Orwell spent most of his last two years in hospital, and died in London.
Peering through the windows at Barnhill, I wonder if he turned his chair and whatever desk or table he wrote on away from that beguiling, ever-changing view to the south, but Orwell seems like the sort of writer, the sort of man, who might have kept the view there to be looked at, and yet still never let himself be distracted by it. Anyway, apparently by this stage he was so ill he was mostly writing in bed.

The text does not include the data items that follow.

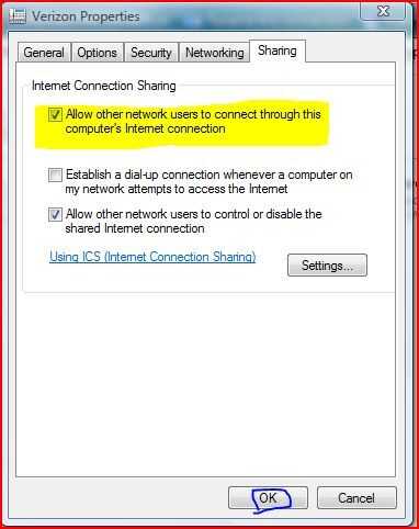 Cómo utilizar una tarjeta de internet de verizon como un módem inalámbrico (3 / 5 paso)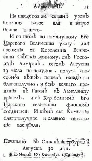 *** Генеральное известие воинским действам Его Царского Величества Всероссийского, галерного флота настоящия компании 1719*.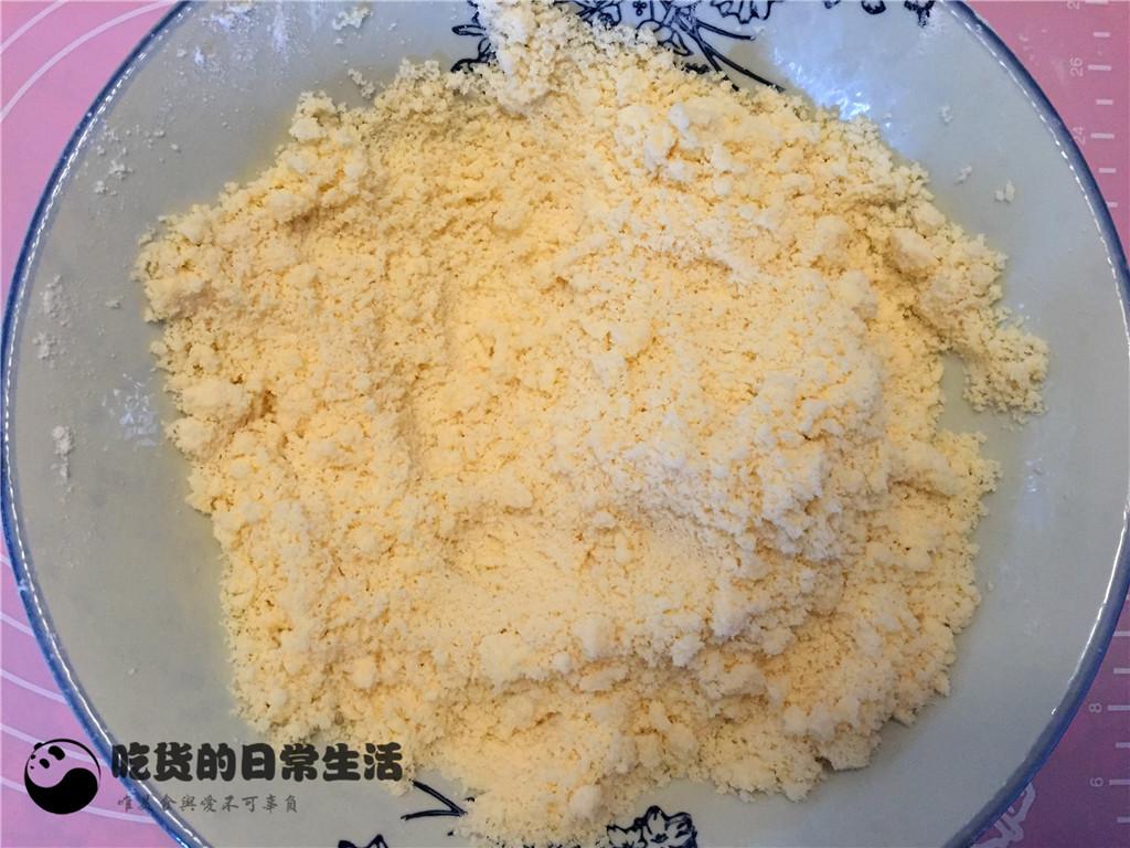 4、接下來就請粗暴的將面粉與黃油充分的混合均勻,搓成粗粉狀,搓好之后就像這個樣子啦。

We return from Jura to Islay, for an evening of stories and laughter and lots of tears. The tears were mine; Belinda had made this wonderful lasagne and Toby had produced a big bag of green chillis to spice it up, leaving the bag on the table where I could reach it too, so that we sat there, tearing these fiery little chillis up and scattering them across the lasagne before wolfing it down (everybody else was sensible and stuck with the lasagne as it was). The chillis were very strong and I tore up so many I swear my fingers turned green. The resulting dish was utterly delicious, but then – laughing so much at one point I had to wipe the tears away – I used my chilli-tearing fingers to do the wiping, which was a major mistake.
I am convinced that the effect was so intense my eyeballs developed a sense of taste; I could taste green. My eyes streamed, my nose did too, I washed my hands, kept dabbing with a napkin, and thought of dousing my eyes with yoghurt (capsiacin, the hot stuff in chillis, is soluble in fat but not in water, so this might have worked … Complicity readers know this stuff already), but I opted for just keeping on eating even though I could hardly see for the wash of tears, and waiting for the symptoms to pass, which they did after a quarter of an hour or so.
I think it was
around here, people having been primed for how daft I can be, that the Toby’s Party/The Balcony Scene story got told.
The Toby’s Party/The Balcony Scene story.
End of August, 1987. Brighton, on the south coast of England. The World Science Fiction Convention. Entitled ConSpiracy. This seemed like a neat name for an SF Con until it came time for two of the Guests of Honour, the Strugatsky brothers, Arkady and Boris, to apply for visas to leave what was then the Soviet Union and travel to the UK to attend the Con; its breezy, just-for-a-laugh title did not play well with the humourless pre-modernists, non-ironicists of the KGB or whoever was in charge of issuing visas, because they did not get the joke and did not issue the Strugatskys with visas either. Doris Lessing was another GoH and gamely stood in for the Non-Flying Strugatsky Brothers on some of the programme items they should have featured in. Given that Alfred Bester had also proved unable to attend, the Con was having a jinxed time with its GoHs (Bester, author of at least one of the greatest SF novels ever written, had an even better excuse for not turning up, having recently died. Willed his estate to his bartender. Class).
But a fine Con all the same, with thousands of SF fans from all over the world enjoying a long sunny weekend; enjoying it mostly in the bars or at panel items in windowless function rooms, certainly, but enjoying it all the same. It was only about my second or third Convention and I was having a great time. Toby was my paperback editor at the time, in charge of the crowded and bustling satrapy that was Futura, part of Emperor ‘Bobbing’ Bob Maxwell’s vast imperial domain.